Data released earlier this year showed 11.6 per cent of 11-to-17-year-olds in Britain have now tried vaping.
The figure is up on 7.7 per cent last year and twice as high as rates seen a decade ago.
Social media carries posts from teens showing off coloured vapes and discussing flavours such as pink lemonade, strawberry, banana and mango.
As a result, campaigners have urged ministers to urgently crackdown on the child-friendly marketing of the gadgets.
Colourful displays of the gadgets, sold for as little as £5, currently litter high streets across the UK.
Tests on e-cigarettes confiscated from youngsters found they contained dangerous levels of lead, nickel and chromium. Some were almost ten times above safe limits. Exposure to lead can impair brain development, while the other two metals can trigger blood clotting
E-cigs allow people to inhale nicotine in a vapour — which is produced by heating a liquid, which typically contains propylene glycol, glycerine, flavourings, and other chemicals.
Unlike traditional cigarettes, they do not contain tobacco, nor do they produce tar or carbon — two of the most dangerous elements.
Although widely viewed as safer than smoking, the long-term effects of vaping still remain a mystery.
Doctors have expressed fear there could be a wave of lung disease, dental issues and even cancer in the coming decades in people who took up the habit at a young age.
MailOnline this year revealed that e-cigarettes have been linked to five deaths in Britain.
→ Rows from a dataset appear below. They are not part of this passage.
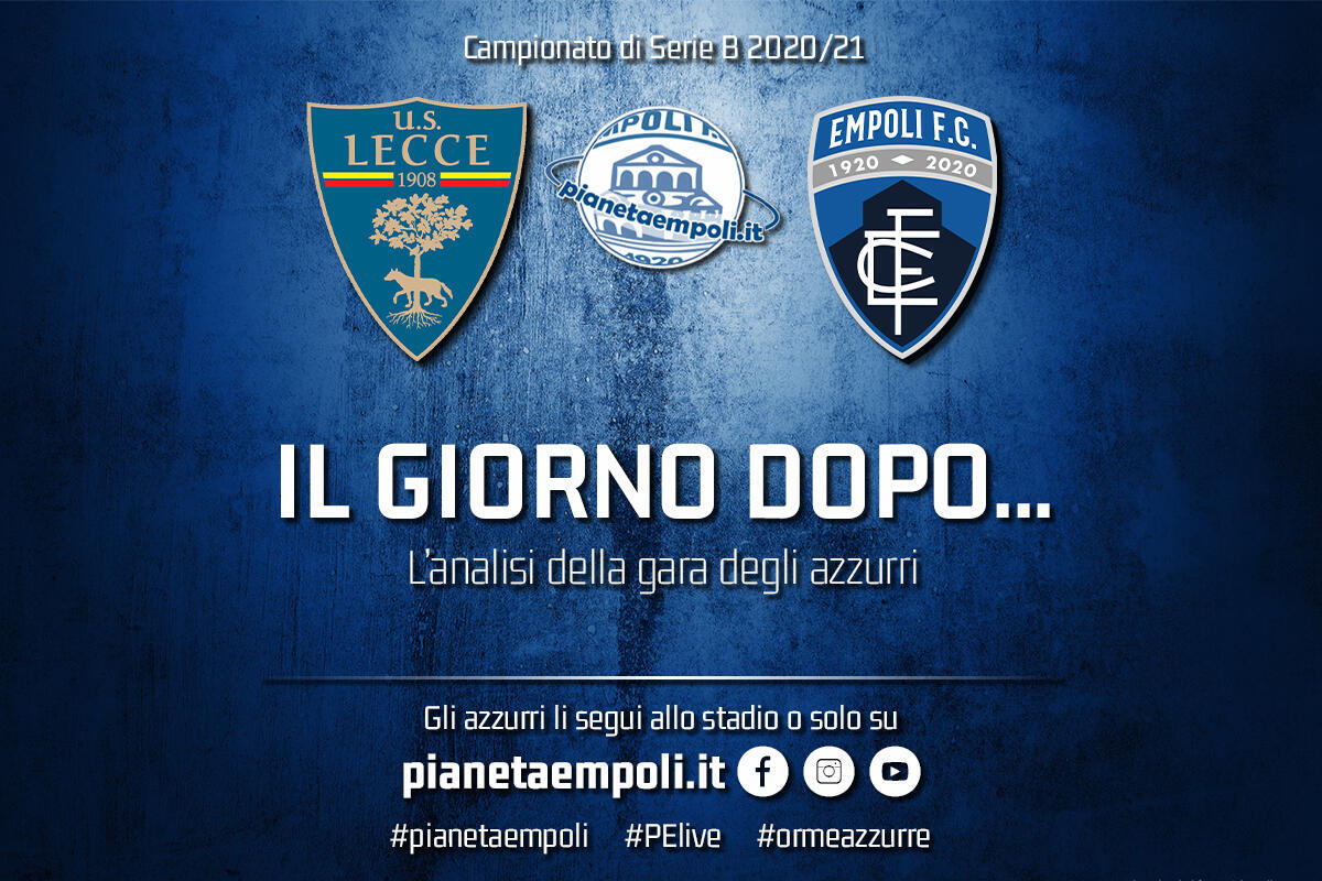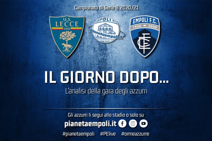 L’Empoli viene schierato con il consueto 4-3-1-2, nel quale Nikolaou e Casale vengono confermati in mezzo alla difesa, Fiamozzi e Parisi sugli esterni. In cabina di regia Stulac, affiancato da Haas e Ricci. Bajrami nel ruolo di guastafeste pronto ad innescare Mancuso e La Mantia. Gli azzurri prendono il comando delle operazioni, il Lecce a tratti appare inerme nelle propria metà campo, incapace quasi mai di ripartire o cambiare i colori di una partita che ha un solo colore: l’azzurro. Bajrami fa con giocate visionarie e mette paura agli avversari, prima del vantaggio firmato da Haas sugli sviluppi di un corner. La ripresa si apre con il raddoppio firmato da La Mantia, servito dal “solito” imprendibile Bajrami. La prima svolta negativa è l’uscita di scena di Parisi, che toglie qualcosa alla squadra di Dionisi. A quel punto comincia a crescere il Lecce: prima arriva il gol di Mancosu a tredici dalla fine, poi gli azzurrisubiscono il forcing del Lecce fino al pareggio di Rodriguez.
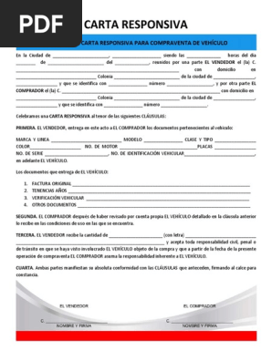 Carta Responsiva De Compra Venta De Vehiculos Pdf Easky
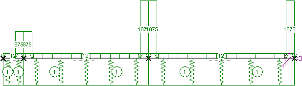 Lastverformungskurve besitzt zu Beginn die gleiche Steifigkeit wie in Rechnung 1 und 2, wird dann jedoch weicher. Werden Nichtlinearitäten sowohl bei der Bettung als auch beim Querschnitt benutzt, gestaltet sich der Iterationsprozess ungleich schiweriger. Aus diesem Grund war es erforderlich, die 6,00 bzw. 7,00 m Balkenabschnitte in jeweils zwei Balken zu unterteilen. In den Ergebnissen sieht man, dass durch den weicher werdenden Boden die Umlagerung wieder in die andere Richtung stattfand. Die Beanspruchungen des Balkens (Biegemoment) sind wieder angestiegen auf M = 431,13 kNm, die Bettungsspannung als Reaktion des Boden ist wieder leicht gefallen auf 442,48 kN/m. Bemerkenswert ist auch, dass im zweiten Balkenabschnitt zwischen 2. und 3. Stütze das Fundament leicht abhebt und die Spannungen in einem Bereich von knapp 0,8 m auf Null gehen (Ausschluss von Zugspannungen). |
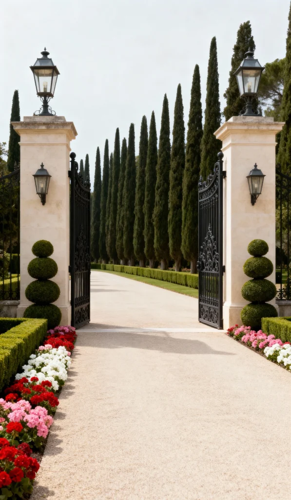 Now this is a grand entrance! The tall, stately stone pillars with elegant lanterns frame a set of imposing black wrought-iron gates. Beyond them, a long, light gravel driveway stretches away, lined on both sides by a dramatic row of tall, slender cypress trees. The formal landscaping, with boxwood hedges and colorful red, white, and pink flowers, enhances the estate’s sophisticated and manicured look. This entrance certainly makes a statement!
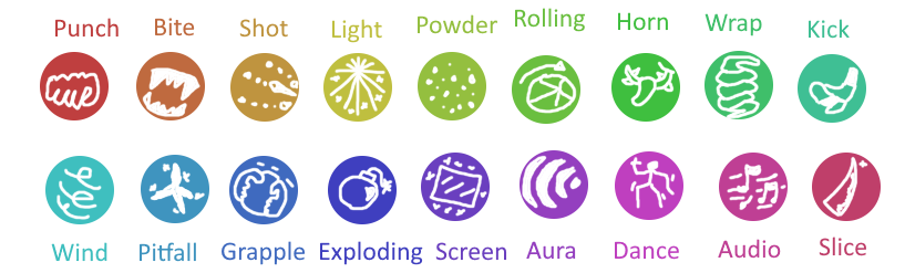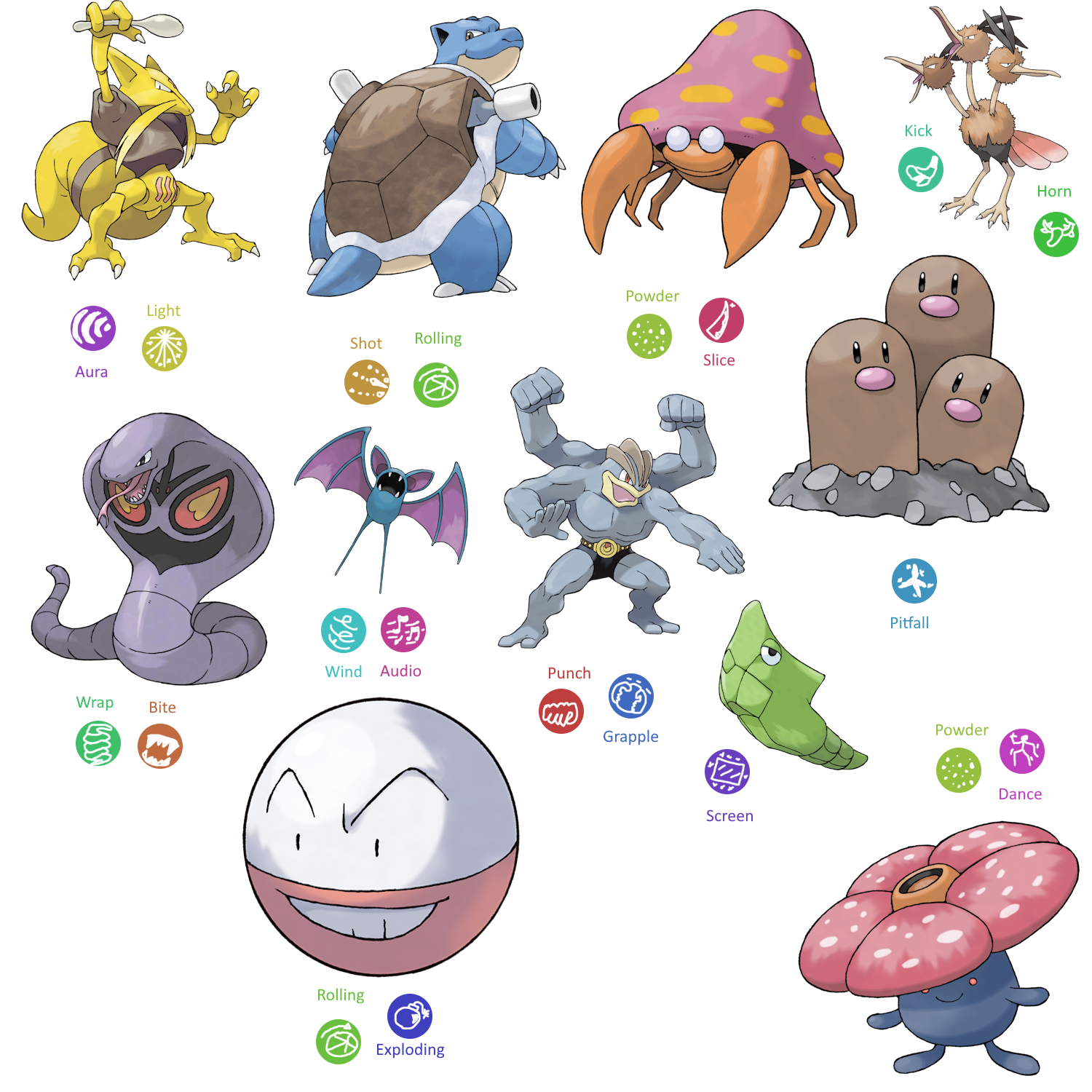Bulbasaur: Wrap / PowderIvysaur: Wrap / PowderVenusaur: Powder / LightCharmander: Bite / ExplodingCharmeleon: Slice / ExplodingCharizard: Wind / ExplodingSquirtle: Shot / RollingWartortle: Shot / RollingBlastoise: Shot / RollingCaterpie: Wrap / ShotMetapod: ScreenButterfree: Powder / WindWeedle: Horn / ShotKakuna: Horn / ScreenBeedrill: Horn / WindPidgey: WindPidgeotto: Wind / SlicePidgeot: Wind / SliceRattata: BiteRaticate: Bite / SliceSpearow: Wind / HornFearow: Wind / HornEkans: Wrap / BiteArbok: Wrap / BitePikachu: Light / ShotRaichu: Light / ShotSandshrew: Rolling / PitfallSandslash: Slice / PitfallNidoran: Horn / ShotNidorina: Horn / ShotNidoqueen: Horn / PitfallNidoran: Horn / ShotNidorino: Horn / ShotNidoking: Horn / PitfallClefairy: Aura / LightClefable: Aura / LightVulpix: Bite / ExplodingNinetales: Aura / ExplodingJigglypuff: Audio / AuraWigglytuff: Audio / AuraZubat: Wind / AudioGolbat: Bite / WindOddish: Powder / PitfallGloom: Powder / PitfallVileplume: Powder / DanceParas: Powder / SliceParasect: Powder / SliceVenonat: Powder / AuraVenomoth: Powder / WindDiglett: PitfallDugtrio: PitfallMeowth: Slice / ShotPersian: Bite / SlicePsyduck: Aura / ShotGolduck: Aura / ShotMankey: Punch / KickPrimeape: Punch / KickGrowlithe: Bite / ExplodingArcanine: Bite / Exploding
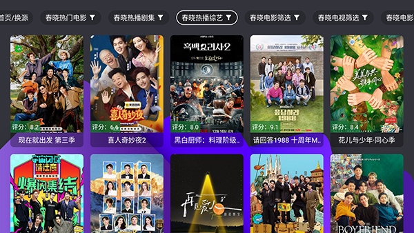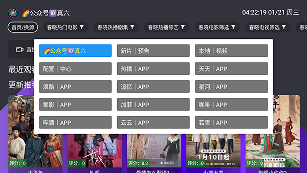 采用 横向分类导航 + 纵向瀑布流海报墙 设计,内容一目了然。只需方向键滑动,即可快速选片、播放,告别复杂菜单。
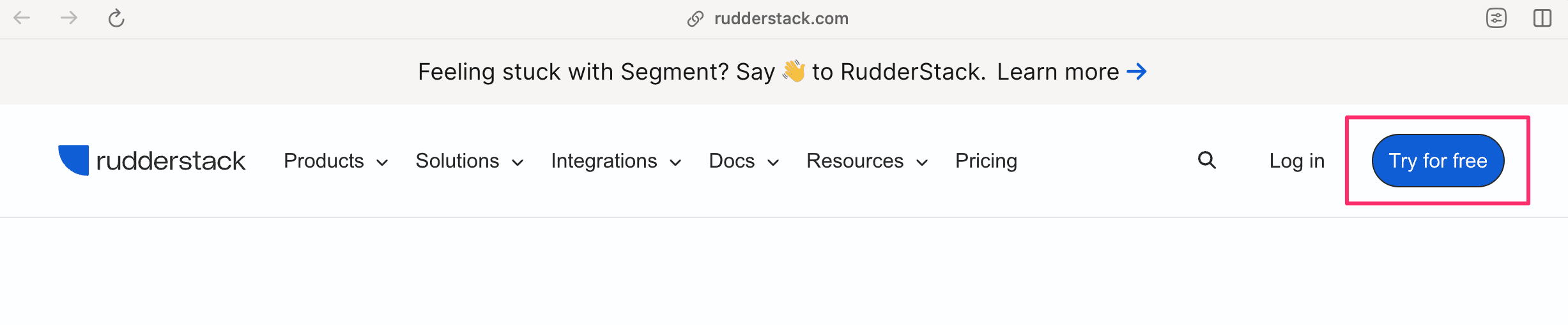 - Users who haven’t signed up for RudderStack see a ‘Try for free’ CTA as the primary button in the header
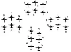 Há todos os motivos para acreditar que uma formação muito cerrada de 6 aeronaves Vickers Wellington emergirá de um ataque longo e pesado de caças inimigos com pouquíssimas ou nenhuma baixa para suas próprias aeronaves. Uma formação solta, no entanto, está sujeita a sofrer baixas muito pesadas nas mesmas condições.[59]
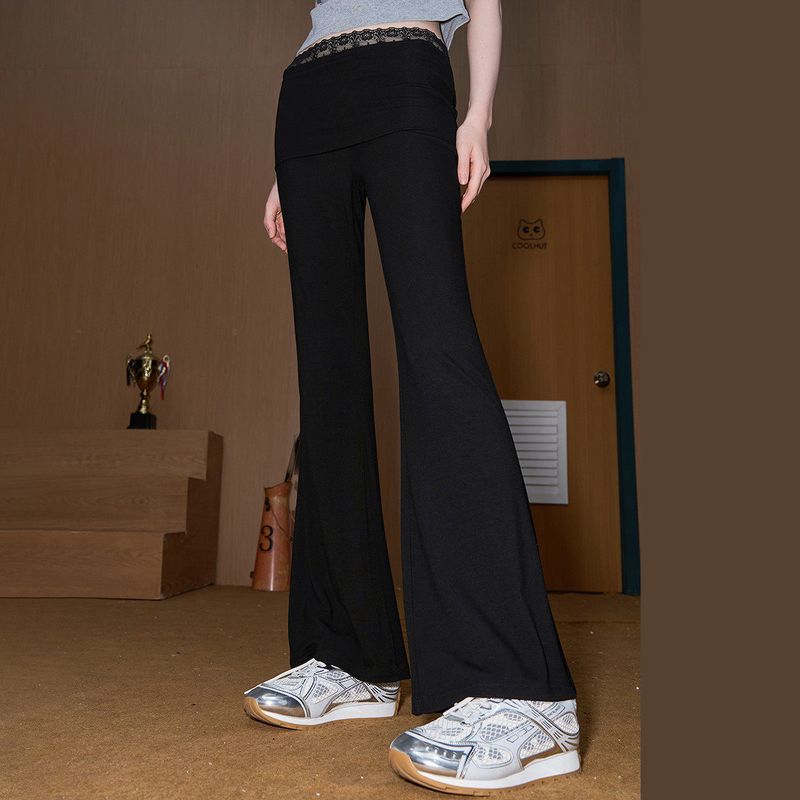 Coolhut Lace Splicing Draped Flared Black Slim-Fit Versatile New Fashion Slimming Women's Casual Pants

None of the fatalities, which have all occurred since 2010, are proven to have been caused directly by vaping. No ages were mentioned for any of the deaths.
But health chiefs tasked with policing the safety of e-cigs admit there is ‘a suspicion’ the gadgets may have been to blame.
Two were put down to heart disorders, including one cardiac arrest.
Respiratory complications were blamed for the other three deaths, with one caused by inhalation of fat — a known potential consequence of vaping.
Everything you need to know about e-cigarettes
How much nicotine is in an e-cigarette?
There are many different brands of e-cigarettes, containing various different nicotine levels.
The legal amount of nicotine in an e-liquid capacity in the UK is 20mg/ml equating to between 600 and 800 puffs.
The Elf Bar 600, one of Britain’s most popular vapes, is advertised as coming in nicotine strengths of 0mg, 10mg and 20mg.
How many cigarettes are ‘in’ an e-cigarette?
The Elf Bar 600 contains the equivalent to 48 cigarettes, analysts say.
It delivers 600 puffs before it needs to be thrown away, meaning, in theory, every 12.5 puffs equate to one cigarette.
Experts say for many e-cigarettes, 100 puffs equate to ten normal cigarettes.
Elf Bars are a brand of e-cigarettes often sold in snazzy colours and with child-friendly names and flavours, like blue razz lemonade and green gummy bear
Is vaping better for your health than cigarettes?
Vaping products are considered to be better than cigarettes as users are exposed to fewer toxins and at lower levels, according to the NHS.
The health service adds that vaping instead of smoking cigarettes reduces your exposure to toxins that can cause cancer, lung disease and diseases of the heart and circulation, such as strokes and heart attacks.
Public Health England, which is now defunct, published an expert independent review in 2015 concluding that e-cigarettes are around 95 per cent less harmful than cigarettes.
However vaping is not risk-free, as while levels in tobacco-products are much higher, e-cigarettes still contain harmful toxins, according to a study by researchers from the Medical University of Silesia in Poland.
And Dr Onkar Mudhar, a London dentist who posts videos on TikTok, said Elf bars can cause gum inflammation, swelling and bleeding.
He said this is because nicotine dries out your mouth and reduces saliva, causing irritation from a build-up of bacteria and food that can’t get washed away.
Nearly 350 hospitalisations due to vaping were logged in England in 2022, which are thought to be mainly down to respiratory problems, such as shortness of breath, chest pain, lung inflammation and, in severe cases, respiratory failure.